Short-term Radiation Side Effects
Urinary and Bowel Issues
During and after radiation treatment, patients may experience:
- Increase in frequency of urination (i.e., needing to urinate more often, including frequent urination at night)
- Increased feeling of urinary urgency (i.e., a strong, sudden need to urinate)
- Less forceful urinary stream
- Slight burning feeling when urinating
- Slight increase in the frequency of bowel movements (i.e., needing to have bowel movements more often)
- Slight increase in bowel urgency (i.e., a strong, sudden to need to have a bowel movement)
These symptoms are usually mild; however, they may be treated with slight dietary modification and/or medications if they are bothersome.
- Patients often experience mild fatigue (or tiredness) after treatment. You may feel tired as if you went to the beach that day.
- The fatigue typically resolves within six to eight weeks.
Erectile Function and Ejaculation
- In the short term, patients’ erectile function typically remains the same after treatment as before.
- Erectile function usually declines with age. Patients may eventually experience a decrease in erectile function after radiation; however, it is not always clear how much is due to normal aging versus radiation.

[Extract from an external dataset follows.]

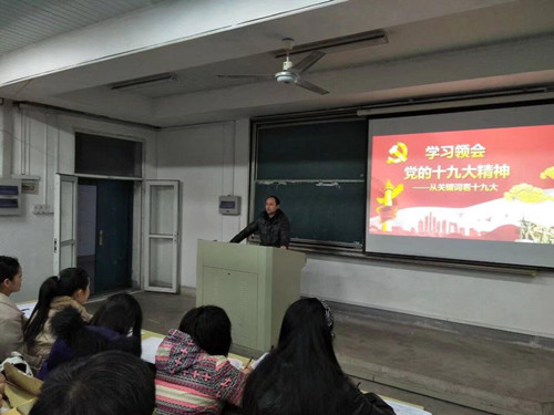 此次报告中,孙福同志首先向同学们介绍了此次成立“大学生骨干学习小组专题学习班”的背景、内容。随后,对十九大报告中的七大关键词一一进行了解读。最后,他也要求全院学生骨干严格按照学院部署完成学习培训既定计划,学习讨论结合自身发展和班级学院工作实际,认真写好小结,将学习宣传贯彻党的十九大精神推向深处和落到实处。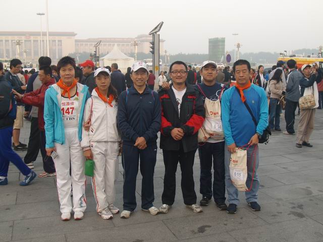 今天早,天晴温度16度左右,不冷不热.感觉好舒服,好象忘记昨天刚熬过23小时的硬坐才深圳到北京一样.我看了身边其他的跑友大部份都是穿多威马拉松鞋的,俺也穿这品牌的马拉松鞋.这次北马我也不是第一次参加国际马拉松比赛的,心理也是很定不紧张.8:15分,当听到枪声一响好几万人的队伍,缓慢的一个跟一个的跑着.几分钟就到了天安门广场城楼前,在毛主席像前通过.到了5KM处感到身体进入了佳竟.腿好象在呼唤我可以再加点速度.俺也提了点速度.到了10KM55分钟,娃!好象俺练习都没跑这快啊.到了20KM1小时50分钟感觉还好,保持速度前进.到了半程发觉身边还好多人在跑,北马还是高水平的比赛啊,到30KM2小时50分钟开始感到体力下降,腿也有点酸了.速度也放慢了点.36KM时间是3小时20分钟,感到难受,小腿感到再跑下去就抽筋,我停下了跑了改徒步了.走了500米又跑起来,不久也停下跑变徒步,就这样徒步+小跑完成最后艰难的6KM,冲刺了,成绩打印4小时10分36秒,我很兴奋,记的一年前的厦马我是5小时18分多完成,KAO 快了1小时8分,看来这一年的苦练还是没白费,好感谢山友跑版群大家的鼓励,支持!!!!希望大家给点宝贵的意见,大家互相学习提高水平.

- After prostate radiation, patients often produce less ejaculate (semen) due to long-term effects on prostate function.
How Long Side Effects Last and Red Flags
- Most of the above radiation side effects will go away six to eight weeks after treatment. Patients rarely have lingering side effects that last longer.
- If you develop any unusual side effects (e.g., fever, pain or blood in urine), notify your radiation team immediately. These side effects may indicate an infection.

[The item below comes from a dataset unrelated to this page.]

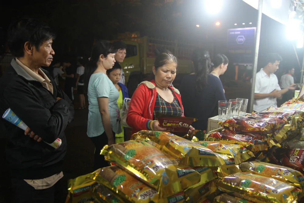 Khách hàng lựa chọn các sản phẩm ở phiên chợ.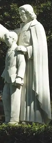 A statue that stands on the front lawn of the college. An inscription at the foot reads "I have no hands, but yours". Ironically both people portrayed in the statue were missing a hand, until early May 2019 when the hands were re-sculpted and replaced

Long-term Radiation Side Effects
- Rectal bleeding: Patients have a small risk of long-term rectal bleeding with bowel movements. Fortunately, this risk has significantly decreased with hydrogel spacers like SpaceOAR. If you see blood in your stools, contact your radiation team and/or primary care doctor to determine the cause.
- Urinary symptom flare: Occasionally, urinary symptoms may increase (or flare up) six to 18 months after treatment. This increase typically goes away on its own or in response to anti-inflammatory medication.

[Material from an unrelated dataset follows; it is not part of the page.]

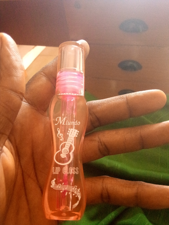 - "A dark-skinned human hand holds a transparent, peach-tinted "Mundo" brand lip gloss bottle vertically in the foreground" by FM-vzzBG2, licensed under CC BY 4.0

Recovery from Radiation Therapy
You will likely have a follow-up appointment within four to eight weeks after your radiation treatments end.
We will check to make sure any treatment-related side effects have resolved or are improving.
PSA Tests after Treatment
After treatment ends, you will follow up with your urologist to resume prostate-specific antigen (PSA) surveillance. We recommend:
- You have your first PSA test three months later
- Then you have one every six months for the first three to five years
- After that, you have yearly exams
PSA typically declines over time. However, it is common to experience a PSA bounce within the first couple of years after treatment. This is normal.
Please discuss any concerns you have over your PSA value with your radiation oncologist.
Taking Care of Your Overall Health
- We encourage all our patients to use this opportunity to improve their overall health.
- We recommend you meet with a dietitian and exercise regularly (to the extent you can with other medical conditions). The Valley Health and Wellness Center offers an exercise therapy evaluation, which we can refer you to as desired.
- You may also wish to meet with one of our social workers to address issues that can affect your overall health (e.g., financial stress). Social workers can also connect you other Valley cancer support services.